Working at a desk can be more stressful for your body than you may think. Spending long periods in a chair can cause your circulation to slow down and that often results in muscle tension. And if you have the added stress of a type-A personality boss, you could be on your way to a major ibuprofen moment. This stress can carry over into your personal life as well, resulting in increased anxiety and sleepless nights.
Fortunately, as many have discovered, yoga can offer great relief from many of the stresses associated with working in an office. Certain yoga movements can even be accomplished in just a few minutes, right at your desk.
“Yoga stretches and breathing exercises oxygenate the blood, improve blood flow to the muscles and relieve tension,” says Sarah Schain, a certified yoga instructor and the founding director of Little Yoga Studios in Bethesda, Maryland.
Schain says the first step to relaxing in office is learning proper breathing techniques.
“When I’m having a tough day and I’m ready to blow up at my boss, I take an anger-management breath,” says Lori Wiley, a certified yoga instructor at New Generation Yoga in New York City, who also works as an administrative assistant.
Calm of mind
- Schain’s Office Refresher: Breathe deeply into the bottom of your stomach (diaphragm), watching as your belly expands like a balloon. Then breathe out slowly. Repeat this for at least one minute. Close your eyes if you can, and try to take deeper, slower and longer breaths every time. Don’t hold your breath, but keep it moving as you relax your body.

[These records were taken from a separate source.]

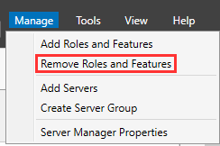 Navigate to "Manage" ➔ "Remove Roles and Features".
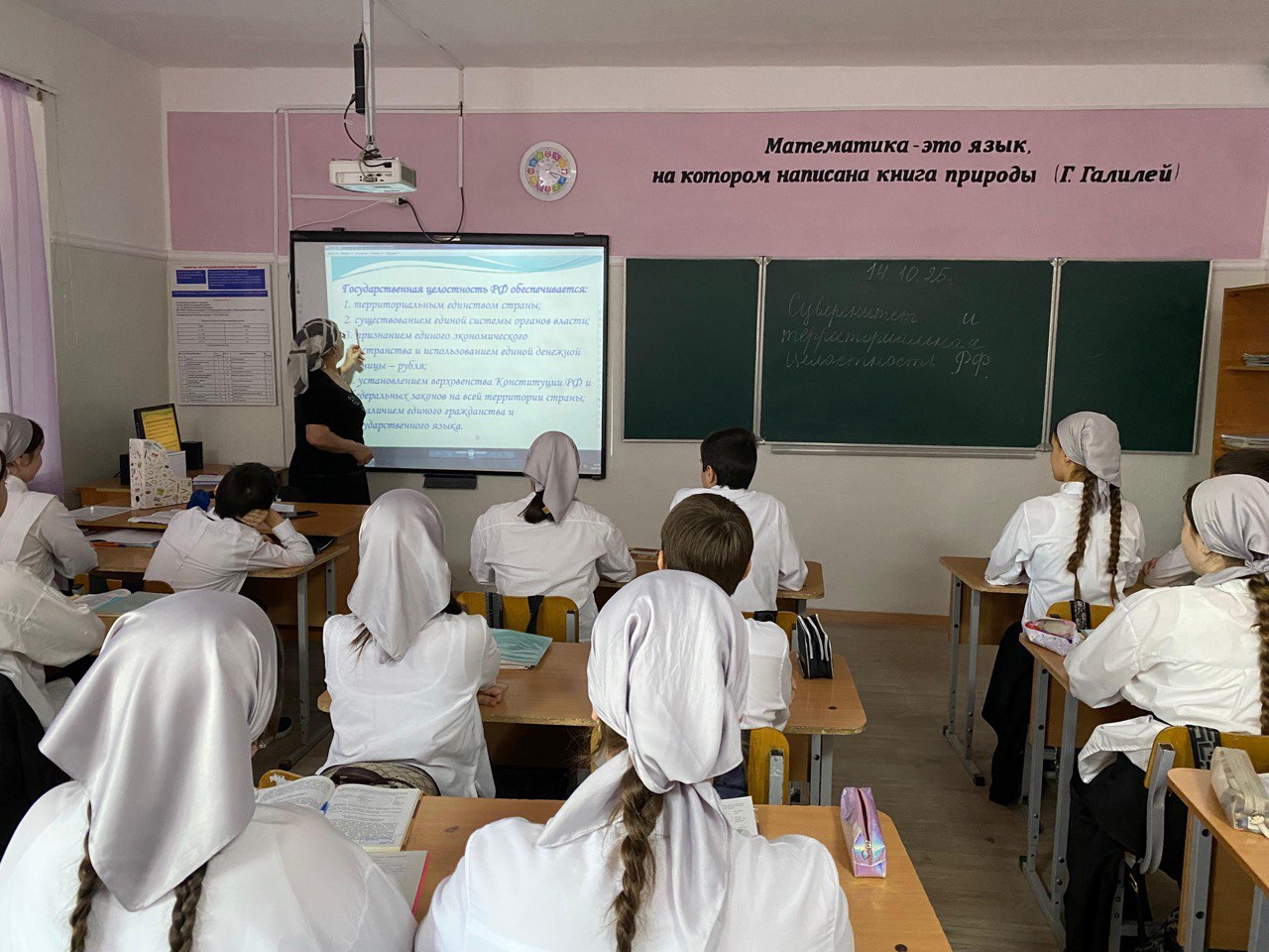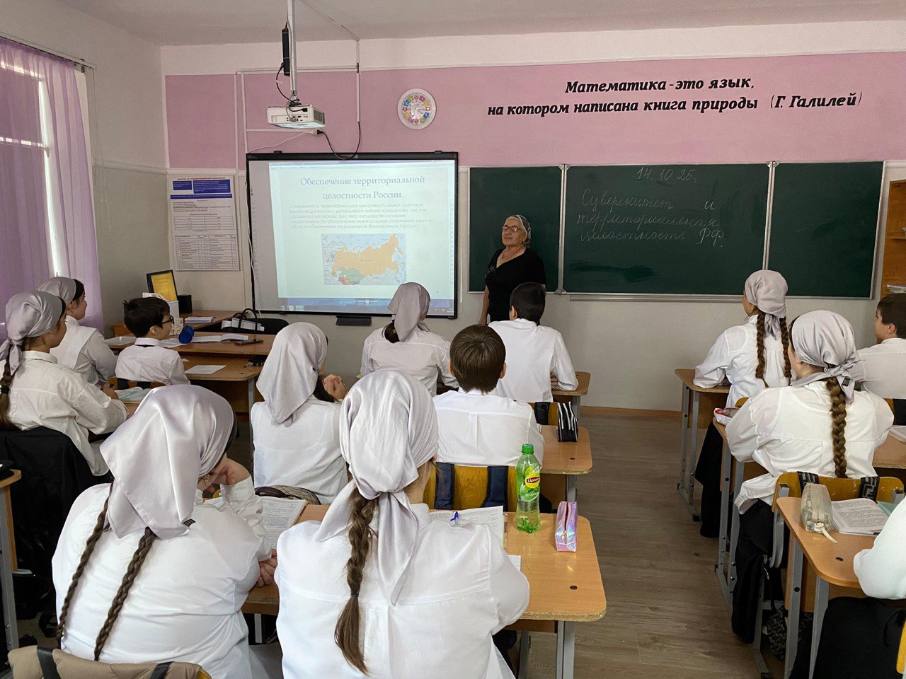Сегодня 14.10.25 сотрудником ФСБ отдела Шалинского района проведено профилактическое мероприятие в МБОУ «СОШ № 9 г. Шали» на тему: «Суверенитет и территориальная целостность РФ».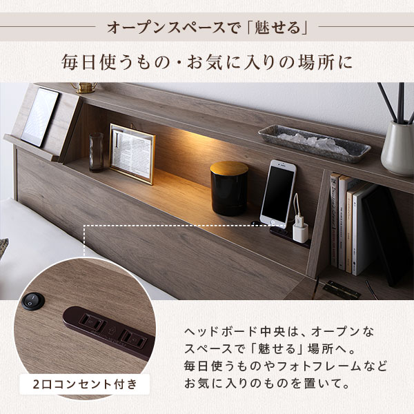 ヘッドボード中央は、オープンなスペースで「魅せる」場所へ。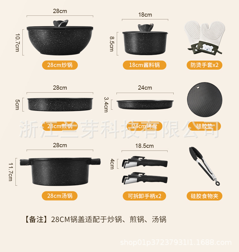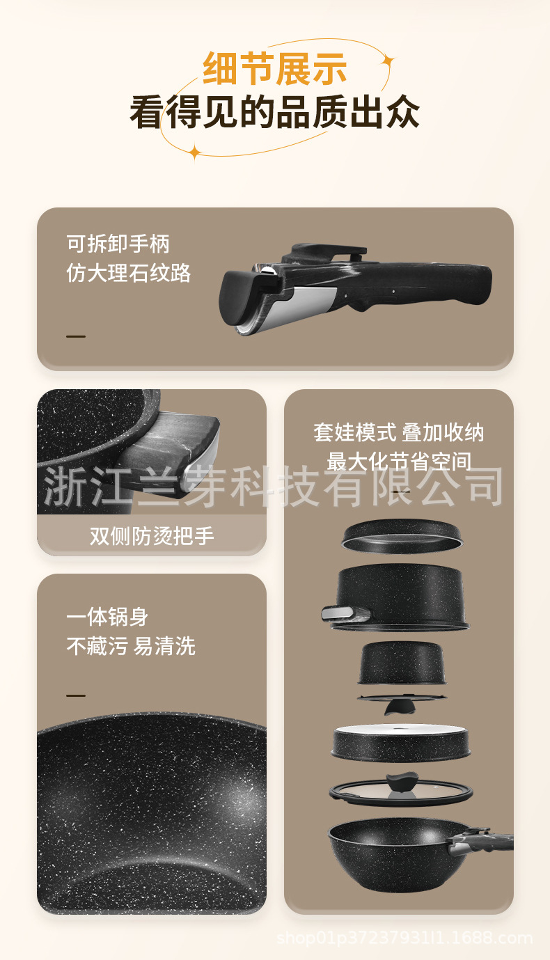 【喜挖】 10件組 新款通用不粘鍋廚具套裝鍋具套件不沾全套鍋pots可拆卸手柄鍋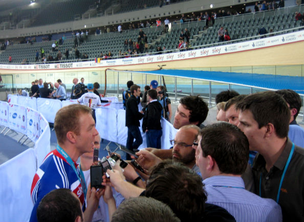 The man of the moment, Sir Chris Hoy, speaks to the media after winning sprint gold, his third medal of the event having already topped the kierin podium and claimed team sprint bronze with Jason Kenny and Ross Edgar.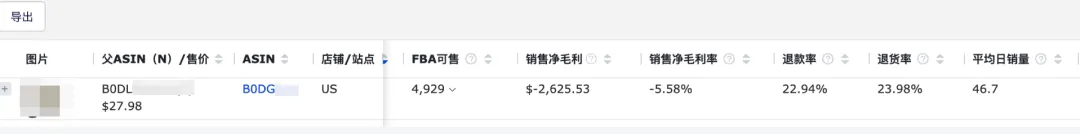仔细查看影响利润率的各个构成发现,退货率竟然有23.98% 。

- Wiley’s Anger-Management Breath: Breathe in through your nose for a second, and then breathe out through your nose for a second. Repeat this, adding one second to breathe in and one second to breathe out each time. You will feel much calmer by the time you build up to 10 seconds.
“Stretching is one of the best ways to cool down during the workday,” Schain says. “There are therapeutic yoga poses that can be done while sitting in your chair that will work wonders for your posture, your peace of mind and the chronic neck and shoulder tension that happens so easily at a desk job.”

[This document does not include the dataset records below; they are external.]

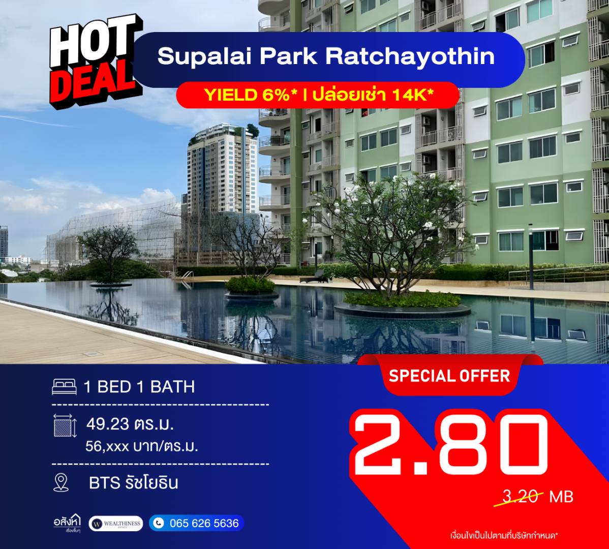 Supalai Park Ratchayothin ห้องพร้อมอยู่ แต่งครบ สภาพดีมาก เพียง 2.8 ลบ. ใกล้ BTS รัชโยธิน 📞 092-690-5445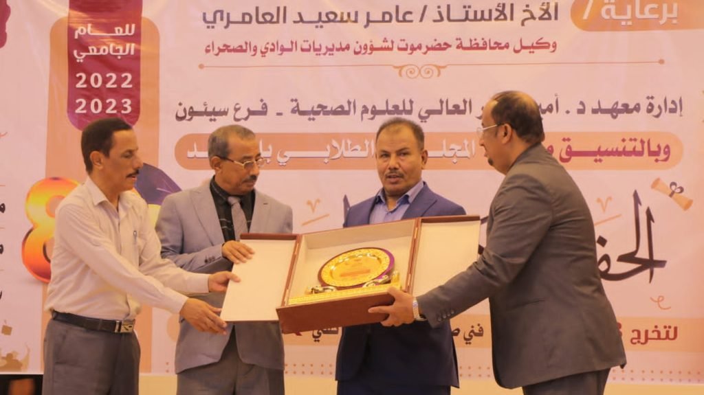 شهد وكيل محافظة حضرموت لشؤون مديريات الوادي والصحراء الاستاذ عامر سعيد العامري صباح اليوم الحفل التكريمي والتوديعي ل80 طالب وطالبة من أقسام فني صيدلة، تمريض تقني، فني علاج طبيعي بمعهد امين ناشر العالي للعلوم الصحية فرع سيئون.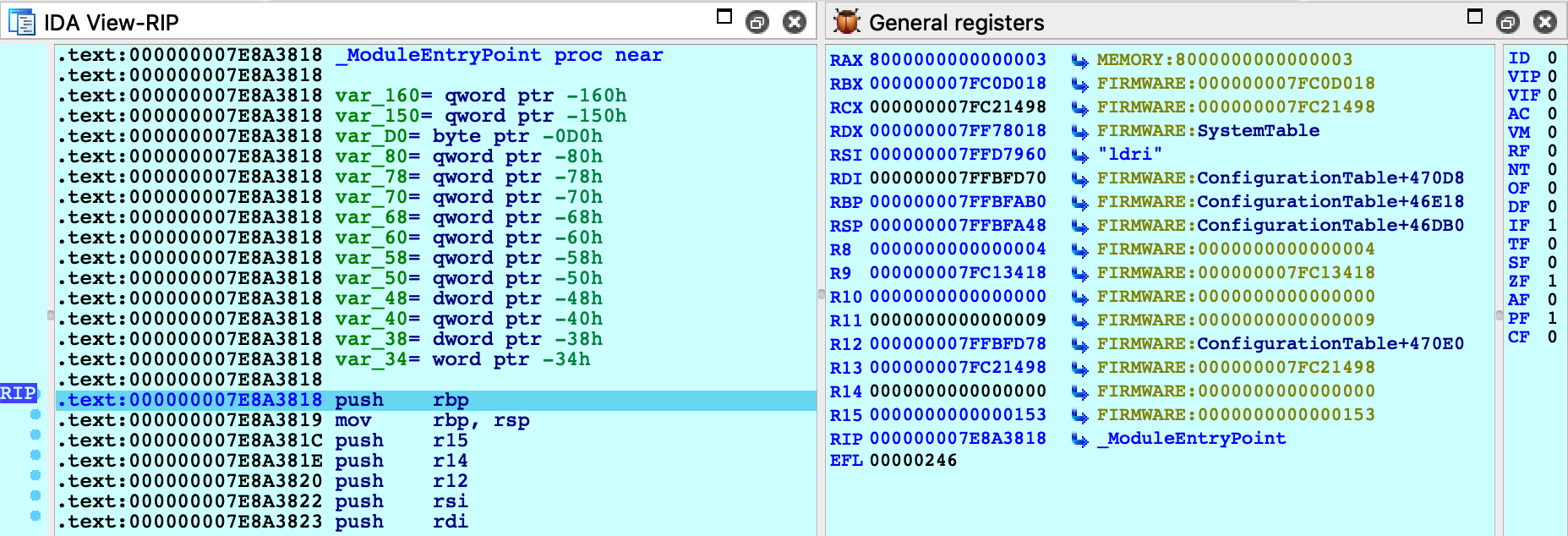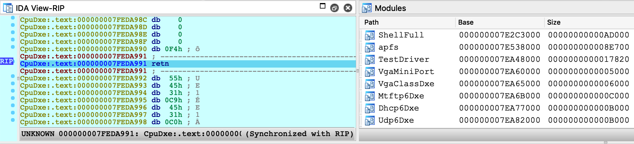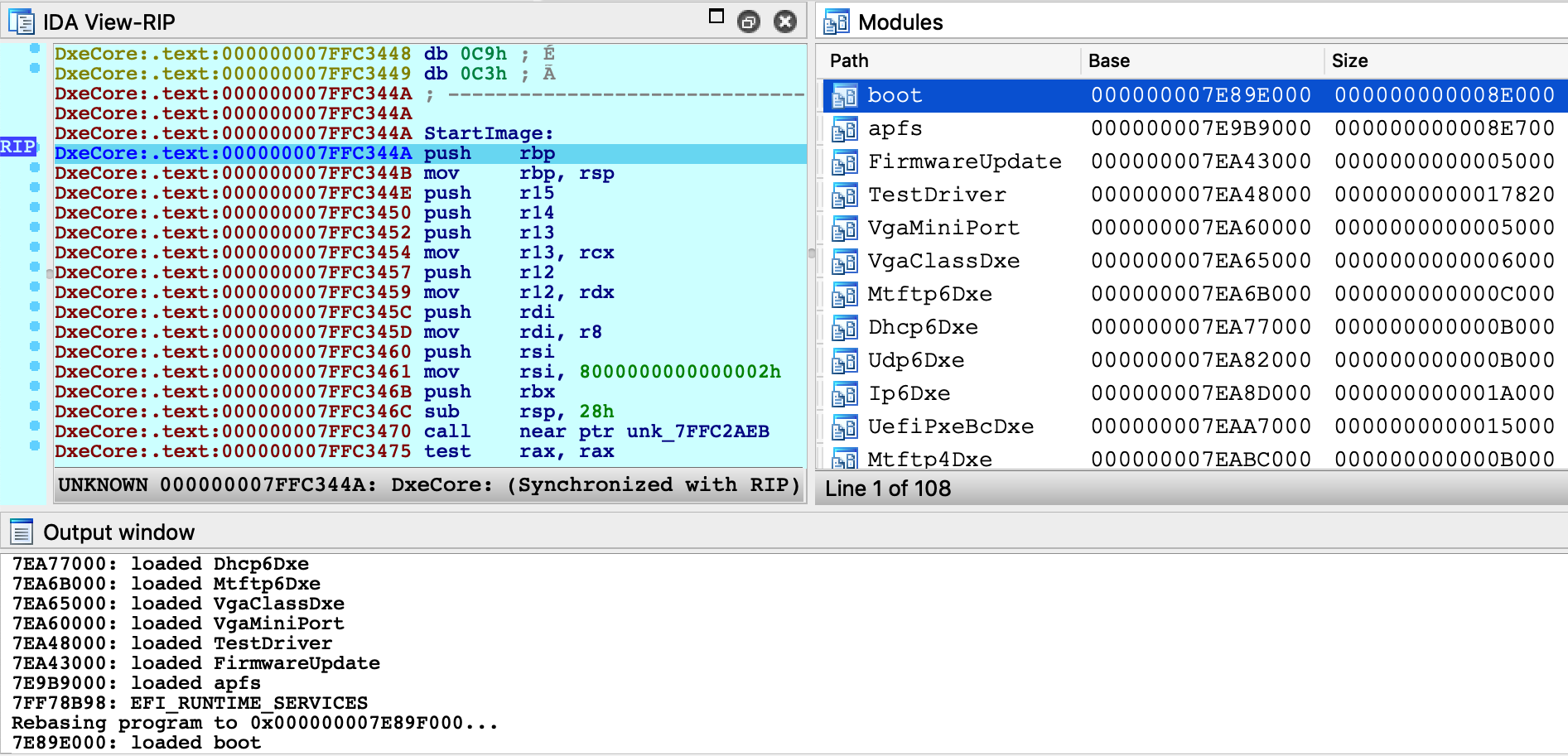 python idaapi.add_path_mapping("/Users/vmuser/TestApp", "/Users/hostuser/TestApp")8. Reboot the VM and enter the EFI Shell 9. Attach the debugger. After attaching IDA will detect the firmware images that have already been loaded:

Schain recommends the “cat pose in a chair”. Sit on the edge of your chair, resting your hands on your knees. Rock your spine forward, squeezing your shoulders forward as you create a slump in your back. Hold the position for a second or two, and then sit up tall bringing your shoulders all the way down. Repeat this process until you feel your back relax.

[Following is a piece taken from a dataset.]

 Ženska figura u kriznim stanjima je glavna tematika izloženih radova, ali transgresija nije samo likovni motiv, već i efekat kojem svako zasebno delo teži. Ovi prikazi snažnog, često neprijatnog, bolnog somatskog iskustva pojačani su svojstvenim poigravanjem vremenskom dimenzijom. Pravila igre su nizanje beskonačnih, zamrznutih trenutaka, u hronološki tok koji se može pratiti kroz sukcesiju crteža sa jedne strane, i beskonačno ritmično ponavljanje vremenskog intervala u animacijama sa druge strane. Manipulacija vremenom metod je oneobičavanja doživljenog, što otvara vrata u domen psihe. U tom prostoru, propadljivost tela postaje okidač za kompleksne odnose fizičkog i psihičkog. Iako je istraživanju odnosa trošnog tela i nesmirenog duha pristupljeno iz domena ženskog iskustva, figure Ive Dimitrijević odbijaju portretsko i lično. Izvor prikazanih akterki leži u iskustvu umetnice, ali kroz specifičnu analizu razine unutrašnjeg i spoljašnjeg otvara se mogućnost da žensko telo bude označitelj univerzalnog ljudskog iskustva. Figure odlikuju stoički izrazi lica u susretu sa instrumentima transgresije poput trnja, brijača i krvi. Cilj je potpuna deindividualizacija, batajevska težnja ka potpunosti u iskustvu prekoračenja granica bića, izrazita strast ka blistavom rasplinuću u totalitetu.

In addition to breathing and stretching exercises, Wiley recommends bringing a few items that will help.
- Aromatherapy: Keep a lavender-scented moisturiser at your desk as it has soothing characteristics. You may also consider bringing in some lavender potpourri. Just be sure the aroma is subtle enough so that it doesn’t bother your co-workers.
- Tea: Instead of taking a midday coffee break, indulge in some chamomile tea. Chamomile can help you calm down after a stressful bout with your manager or co-workers.
- Visual aids: Keep a photograph of your favourite place, an inspirational quote or even fresh flowers at your desk — treat yourself.